##### DATA #####

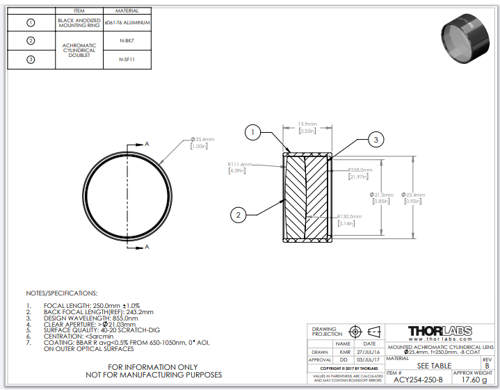 Thorlabs索雷博     ACY254-250-B   柱面消色差透镜
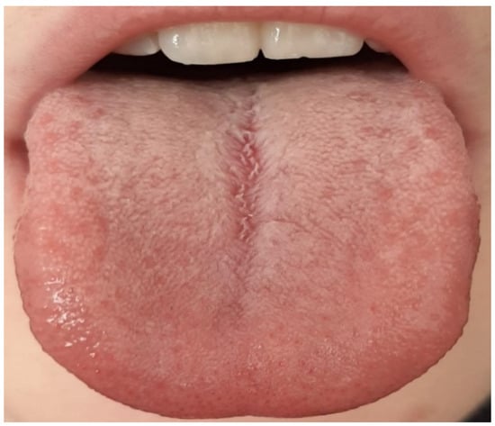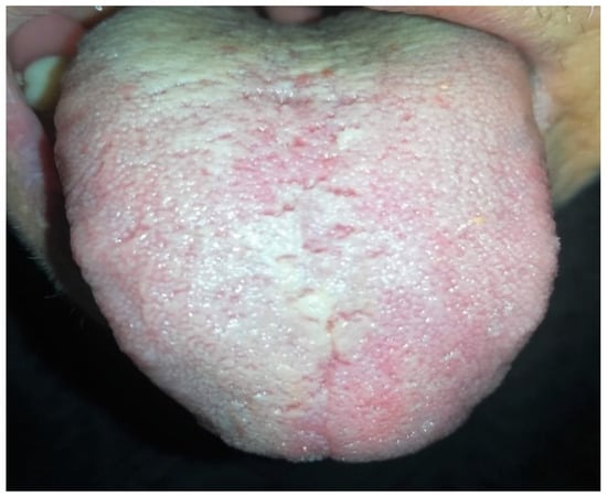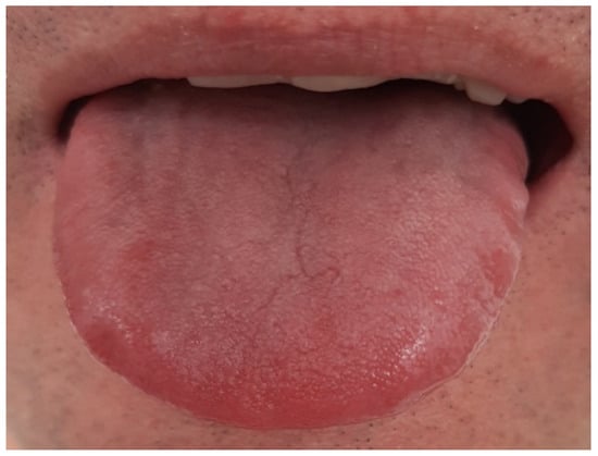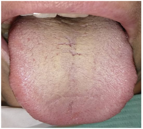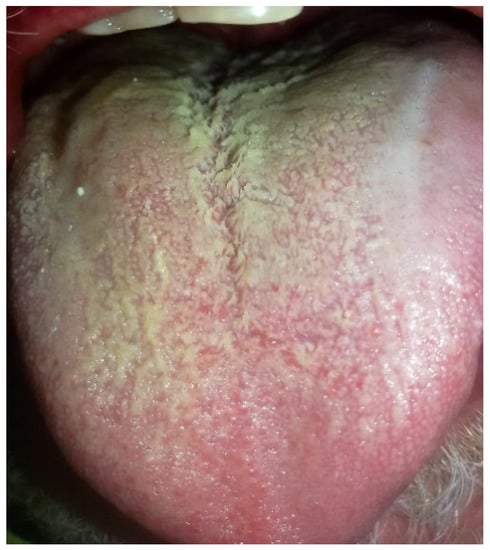 In accordance to Traditional Chinese Medicine, “A pathology arises associated to a tongue surface coating appearance. The surface coating represents the exterior manifestation, which corresponds to the sustaining disease, and is the primary indication for the diagnosis making”. In this way, the appropriate knowledge of the molecular aspects of tongue response is a key factor to comprehend this semeiotic medical practice [1,3,4]. Several studies on the microbiology of the healthy human tongue, through the sequencing of 16S rRNA, which is applied for the detection, categorization, and evaluation of the microbic charge within the biological mixtures, have shown that the most abundant phyla are Fusobacteria, Actinobacteria, Firmicutes, Proteobacteria, and Bacteroidetes [1,4,5]. The variation in the microbiota of the tongue lining recorded by metagenomic sequencing identifies potential biomarkers for several diseases, including the precancerous cascade [1,6,7]. The thin white or reddish tongue coating with 0/1 patina is a symbol of good health (Figure 1 and Figure 2), while the “white-fat” and “yellow-dense” coating (Figure 3 and Figure 4) may be an indication of inflammation, infection, and stress, as well as of immune and endocrine disorders (Figure 5) [8,9]. Thick coat and tongue moisture are increased in tumors. The relationships between tongue diagnosis and diseases, including rheumatoid arthritis, gastritis and precancerous lesions, liver, pancreatic, and lung cancer, were explored [1,10,11,12,13,14,15]. Tongue-lining microbiota biomarkers could provide a complement for the diagnosis of several diseases from the noninvasive, individualized, and long-term monitoring aspects [1,16]. Tongue diagnosis is a simple, noninvasive method of assessing physiological conditions by observing the thickness and color of the coating [6]. The tongue coating is categorized into three different classes in accordance to their color typologies: white coating (W), yellow coating (Y), and black and gray coating (Table 1). A yellow coat is considered an indication of water retention and heat [3]. The most common syndromes are the following four: external cold syndrome, internal cold syndrome, external heat syndrome, and internal heat syndrome, and are associated with thin white, thick white, thin yellow, and thick yellow tongue coatings [1]. Cold and hot syndromes are two contrary but internally related conditions [8]. According to the TCM theory, the tongue is an external extension of the spleen and stomach [17,18]. Western medicine refers to the indexes of the thickness of the coat on the back of the tongue, classifying it in four degrees [19] (Table 2).
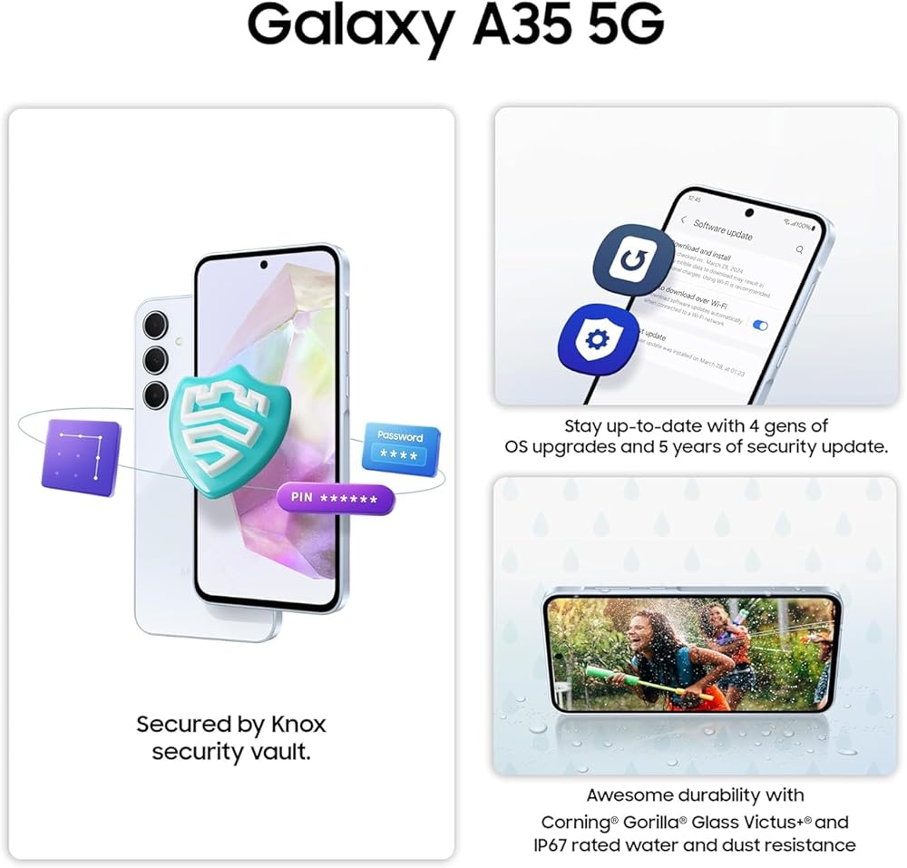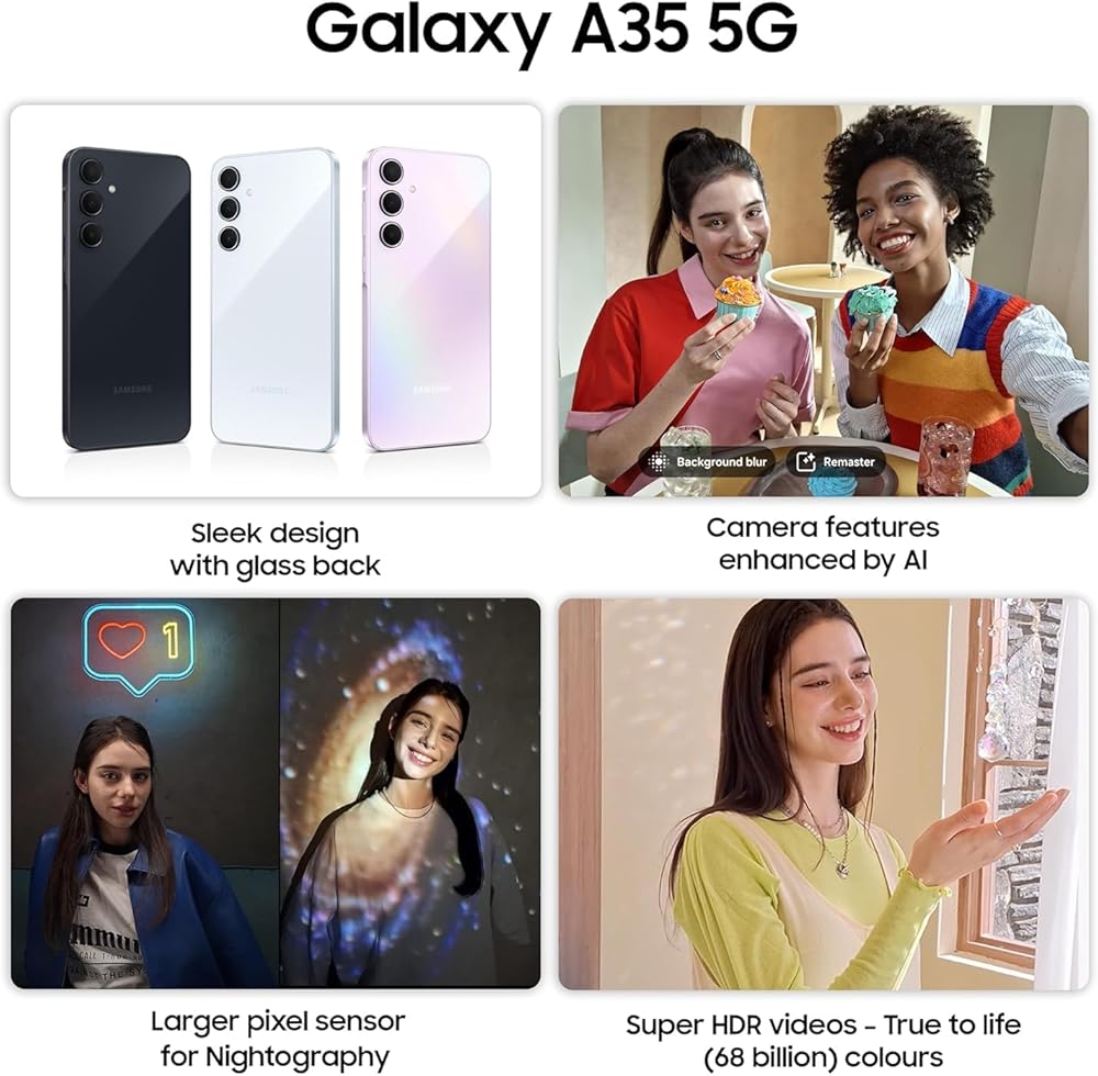 The Samsung Galaxy A35 5G excels as an affordable smartphone with standout features. It sports a durable glass back and a sleek design, complemented by a vibrant 6.6-inch AMOLED display protected by Gorilla Glass Victus+. Powered by an efficient chipset, it offers reliable performance suitable for everyday tasks. Photography is a highlight, with a 50MP main camera that captures detailed images and an 8MP ultra-wide along with a 5MP macro lens that adds versatility. The camera's enhanced HDR performance ensures dynamic photos in various lighting conditions. Audio quality is robust with two clear and rich-sounding speakers, enhancing the media viewing experience. The device's 5000mAh battery supports extended use, optimized by a display with a variable refresh rate for better power management. Running on Android 14 with Samsung's One UI 6.1, the Galaxy A35 5G provides a smooth, customizable interface with features like Quick Share for easy file transfers. While it includes some bloatware, the overall user experience remains strong, making it a top choice in its price segment for its display, camera capabilities, and battery life.
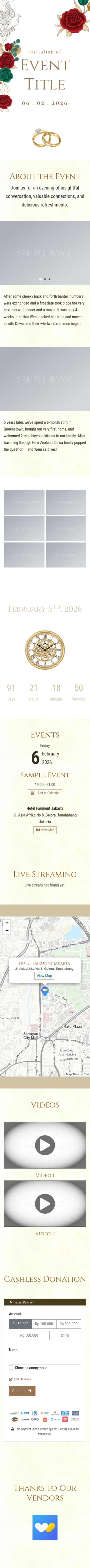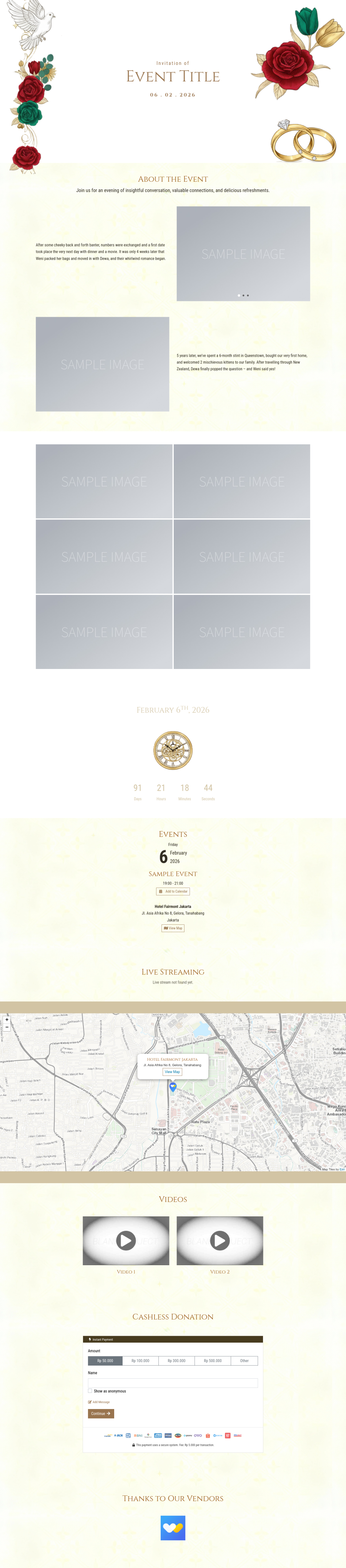 Temukan keindahan cinta abadi dalam balutan nuansa klasik yang mewah. Dengan sentuhan warna emas, mawar merah, dan hijau zamrud, tema ini memancarkan kesan romantis, hangat, dan elegan.

#####

Omit the pictures, then set down all the remaining data exactly as given.

→ **TASK OUTPUT**
 Thorlabs索雷博     ACY254-250-B   柱面消色差透镜
 In accordance to Traditional Chinese Medicine, “A pathology arises associated to a tongue surface coating appearance. The surface coating represents the exterior manifestation, which corresponds to the sustaining disease, and is the primary indication for the diagnosis making”. In this way, the appropriate knowledge of the molecular aspects of tongue response is a key factor to comprehend this semeiotic medical practice [1,3,4]. Several studies on the microbiology of the healthy human tongue, through the sequencing of 16S rRNA, which is applied for the detection, categorization, and evaluation of the microbic charge within the biological mixtures, have shown that the most abundant phyla are Fusobacteria, Actinobacteria, Firmicutes, Proteobacteria, and Bacteroidetes [1,4,5]. The variation in the microbiota of the tongue lining recorded by metagenomic sequencing identifies potential biomarkers for several diseases, including the precancerous cascade [1,6,7]. The thin white or reddish tongue coating with 0/1 patina is a symbol of good health (Figure 1 and Figure 2), while the “white-fat” and “yellow-dense” coating (Figure 3 and Figure 4) may be an indication of inflammation, infection, and stress, as well as of immune and endocrine disorders (Figure 5) [8,9]. Thick coat and tongue moisture are increased in tumors. The relationships between tongue diagnosis and diseases, including rheumatoid arthritis, gastritis and precancerous lesions, liver, pancreatic, and lung cancer, were explored [1,10,11,12,13,14,15]. Tongue-lining microbiota biomarkers could provide a complement for the diagnosis of several diseases from the noninvasive, individualized, and long-term monitoring aspects [1,16]. Tongue diagnosis is a simple, noninvasive method of assessing physiological conditions by observing the thickness and color of the coating [6]. The tongue coating is categorized into three different classes in accordance to their color typologies: white coating (W), yellow coating (Y), and black and gray coating (Table 1). A yellow coat is considered an indication of water retention and heat [3]. The most common syndromes are the following four: external cold syndrome, internal cold syndrome, external heat syndrome, and internal heat syndrome, and are associated with thin white, thick white, thin yellow, and thick yellow tongue coatings [1]. Cold and hot syndromes are two contrary but internally related conditions [8]. According to the TCM theory, the tongue is an external extension of the spleen and stomach [17,18]. Western medicine refers to the indexes of the thickness of the coat on the back of the tongue, classifying it in four degrees [19] (Table 2).
 The Samsung Galaxy A35 5G excels as an affordable smartphone with standout features. It sports a durable glass back and a sleek design, complemented by a vibrant 6.6-inch AMOLED display protected by Gorilla Glass Victus+. Powered by an efficient chipset, it offers reliable performance suitable for everyday tasks. Photography is a highlight, with a 50MP main camera that captures detailed images and an 8MP ultra-wide along with a 5MP macro lens that adds versatility. The camera's enhanced HDR performance ensures dynamic photos in various lighting conditions. Audio quality is robust with two clear and rich-sounding speakers, enhancing the media viewing experience. The device's 5000mAh battery supports extended use, optimized by a display with a variable refresh rate for better power management. Running on Android 14 with Samsung's One UI 6.1, the Galaxy A35 5G provides a smooth, customizable interface with features like Quick Share for easy file transfers. While it includes some bloatware, the overall user experience remains strong, making it a top choice in its price segment for its display, camera capabilities, and battery life.
 Temukan keindahan cinta abadi dalam balutan nuansa klasik yang mewah. Dengan sentuhan warna emas, mawar merah, dan hijau zamrud, tema ini memancarkan kesan romantis, hangat, dan elegan.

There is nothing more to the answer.